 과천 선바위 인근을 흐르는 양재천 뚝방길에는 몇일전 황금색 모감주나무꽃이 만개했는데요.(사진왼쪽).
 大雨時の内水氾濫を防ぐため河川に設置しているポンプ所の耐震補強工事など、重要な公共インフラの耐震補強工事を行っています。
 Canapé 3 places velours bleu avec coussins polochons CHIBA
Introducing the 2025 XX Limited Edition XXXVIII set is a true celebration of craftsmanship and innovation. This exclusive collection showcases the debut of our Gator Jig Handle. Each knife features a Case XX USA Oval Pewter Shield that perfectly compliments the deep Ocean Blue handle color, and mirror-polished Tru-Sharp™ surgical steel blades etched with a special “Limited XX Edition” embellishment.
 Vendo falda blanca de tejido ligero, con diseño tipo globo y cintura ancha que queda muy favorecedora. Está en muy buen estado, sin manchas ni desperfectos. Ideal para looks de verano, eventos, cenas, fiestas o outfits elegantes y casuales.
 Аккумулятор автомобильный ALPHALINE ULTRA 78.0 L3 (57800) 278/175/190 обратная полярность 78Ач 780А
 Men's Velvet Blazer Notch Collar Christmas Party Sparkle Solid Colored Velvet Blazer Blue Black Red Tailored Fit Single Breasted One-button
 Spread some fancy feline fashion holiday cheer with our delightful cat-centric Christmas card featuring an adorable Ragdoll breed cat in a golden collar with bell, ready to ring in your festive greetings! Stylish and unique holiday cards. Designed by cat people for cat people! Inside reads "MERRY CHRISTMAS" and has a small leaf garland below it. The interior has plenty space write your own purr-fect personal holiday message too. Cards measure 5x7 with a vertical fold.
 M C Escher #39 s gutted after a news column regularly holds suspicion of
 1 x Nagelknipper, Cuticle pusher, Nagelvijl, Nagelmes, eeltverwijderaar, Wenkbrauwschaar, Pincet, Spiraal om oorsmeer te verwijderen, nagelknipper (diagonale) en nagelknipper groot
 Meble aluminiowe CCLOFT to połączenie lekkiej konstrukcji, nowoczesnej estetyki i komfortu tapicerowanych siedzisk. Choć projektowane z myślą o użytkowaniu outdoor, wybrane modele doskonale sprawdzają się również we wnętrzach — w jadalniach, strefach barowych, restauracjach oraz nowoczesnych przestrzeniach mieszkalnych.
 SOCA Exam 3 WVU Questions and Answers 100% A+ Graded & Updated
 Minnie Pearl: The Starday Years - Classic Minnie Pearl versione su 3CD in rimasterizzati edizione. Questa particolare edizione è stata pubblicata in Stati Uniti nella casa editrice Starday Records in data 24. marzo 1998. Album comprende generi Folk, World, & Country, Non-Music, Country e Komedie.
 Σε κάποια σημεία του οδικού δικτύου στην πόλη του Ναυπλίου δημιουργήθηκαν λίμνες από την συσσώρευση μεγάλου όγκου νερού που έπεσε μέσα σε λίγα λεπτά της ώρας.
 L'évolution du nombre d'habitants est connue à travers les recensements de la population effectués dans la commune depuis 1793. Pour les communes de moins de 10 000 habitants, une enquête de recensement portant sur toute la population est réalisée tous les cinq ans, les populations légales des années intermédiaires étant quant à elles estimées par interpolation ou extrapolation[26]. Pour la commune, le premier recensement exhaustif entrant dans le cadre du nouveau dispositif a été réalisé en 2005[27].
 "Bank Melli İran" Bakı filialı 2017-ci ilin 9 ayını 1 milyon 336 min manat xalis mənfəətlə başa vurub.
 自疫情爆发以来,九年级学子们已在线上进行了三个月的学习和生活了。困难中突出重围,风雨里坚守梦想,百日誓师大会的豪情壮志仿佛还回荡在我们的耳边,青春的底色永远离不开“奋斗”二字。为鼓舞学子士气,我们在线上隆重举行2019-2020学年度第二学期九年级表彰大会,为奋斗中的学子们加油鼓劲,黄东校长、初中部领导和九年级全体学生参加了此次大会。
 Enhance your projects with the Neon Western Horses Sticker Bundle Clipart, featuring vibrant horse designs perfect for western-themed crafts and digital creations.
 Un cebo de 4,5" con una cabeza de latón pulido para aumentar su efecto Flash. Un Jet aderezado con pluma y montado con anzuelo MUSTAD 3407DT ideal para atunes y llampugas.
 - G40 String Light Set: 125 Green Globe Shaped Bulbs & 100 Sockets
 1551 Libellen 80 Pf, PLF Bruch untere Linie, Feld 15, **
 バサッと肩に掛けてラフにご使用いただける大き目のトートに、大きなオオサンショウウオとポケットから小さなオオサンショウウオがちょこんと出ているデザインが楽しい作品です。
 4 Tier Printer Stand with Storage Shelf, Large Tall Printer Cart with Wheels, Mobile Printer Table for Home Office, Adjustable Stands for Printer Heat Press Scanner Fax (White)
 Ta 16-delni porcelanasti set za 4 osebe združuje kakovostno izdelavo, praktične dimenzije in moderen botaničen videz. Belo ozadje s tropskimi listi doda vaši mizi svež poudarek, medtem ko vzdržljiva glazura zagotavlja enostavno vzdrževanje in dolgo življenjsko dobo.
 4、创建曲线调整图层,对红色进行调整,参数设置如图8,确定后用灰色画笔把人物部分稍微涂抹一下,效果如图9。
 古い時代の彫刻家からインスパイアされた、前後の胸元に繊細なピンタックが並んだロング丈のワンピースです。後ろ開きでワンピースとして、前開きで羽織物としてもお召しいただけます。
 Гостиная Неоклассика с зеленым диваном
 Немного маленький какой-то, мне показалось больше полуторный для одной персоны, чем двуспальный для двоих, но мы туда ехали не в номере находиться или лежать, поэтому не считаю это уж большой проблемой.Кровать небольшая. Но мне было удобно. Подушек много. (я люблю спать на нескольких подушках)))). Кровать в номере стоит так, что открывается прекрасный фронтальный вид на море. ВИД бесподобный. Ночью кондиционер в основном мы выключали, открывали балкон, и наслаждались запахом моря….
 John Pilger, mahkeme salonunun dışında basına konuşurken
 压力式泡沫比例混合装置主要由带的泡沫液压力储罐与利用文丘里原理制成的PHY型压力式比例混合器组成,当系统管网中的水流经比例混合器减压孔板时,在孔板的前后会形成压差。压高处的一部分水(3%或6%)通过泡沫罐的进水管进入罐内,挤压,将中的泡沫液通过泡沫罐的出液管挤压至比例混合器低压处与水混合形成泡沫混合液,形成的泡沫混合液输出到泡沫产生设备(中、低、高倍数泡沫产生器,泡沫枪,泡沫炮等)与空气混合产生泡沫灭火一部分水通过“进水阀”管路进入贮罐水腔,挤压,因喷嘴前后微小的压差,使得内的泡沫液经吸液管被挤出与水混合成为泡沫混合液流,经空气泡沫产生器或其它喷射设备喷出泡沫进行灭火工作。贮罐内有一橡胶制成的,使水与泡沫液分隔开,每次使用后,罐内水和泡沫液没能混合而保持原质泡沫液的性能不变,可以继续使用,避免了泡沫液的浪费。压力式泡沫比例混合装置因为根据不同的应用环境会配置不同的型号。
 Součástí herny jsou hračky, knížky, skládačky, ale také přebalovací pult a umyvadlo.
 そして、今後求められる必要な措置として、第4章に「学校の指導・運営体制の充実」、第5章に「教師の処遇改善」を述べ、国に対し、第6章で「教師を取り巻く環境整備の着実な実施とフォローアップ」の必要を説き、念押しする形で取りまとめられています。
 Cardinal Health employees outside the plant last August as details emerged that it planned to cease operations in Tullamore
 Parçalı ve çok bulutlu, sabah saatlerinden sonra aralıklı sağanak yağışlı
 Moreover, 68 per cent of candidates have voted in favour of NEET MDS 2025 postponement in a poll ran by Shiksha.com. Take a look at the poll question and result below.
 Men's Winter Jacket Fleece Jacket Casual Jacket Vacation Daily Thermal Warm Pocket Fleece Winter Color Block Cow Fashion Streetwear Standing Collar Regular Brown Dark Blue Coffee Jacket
_ _ _ _ _ _ _
_TASK GOAL_
Return, from the data, each line where the string "Christmas" occurs.

_RESULT_
 Men's Velvet Blazer Notch Collar Christmas Party Sparkle Solid Colored Velvet Blazer Blue Black Red Tailored Fit Single Breasted One-button
 Spread some fancy feline fashion holiday cheer with our delightful cat-centric Christmas card featuring an adorable Ragdoll breed cat in a golden collar with bell, ready to ring in your festive greetings! Stylish and unique holiday cards. Designed by cat people for cat people! Inside reads "MERRY CHRISTMAS" and has a small leaf garland below it. The interior has plenty space write your own purr-fect personal holiday message too. Cards measure 5x7 with a vertical fold.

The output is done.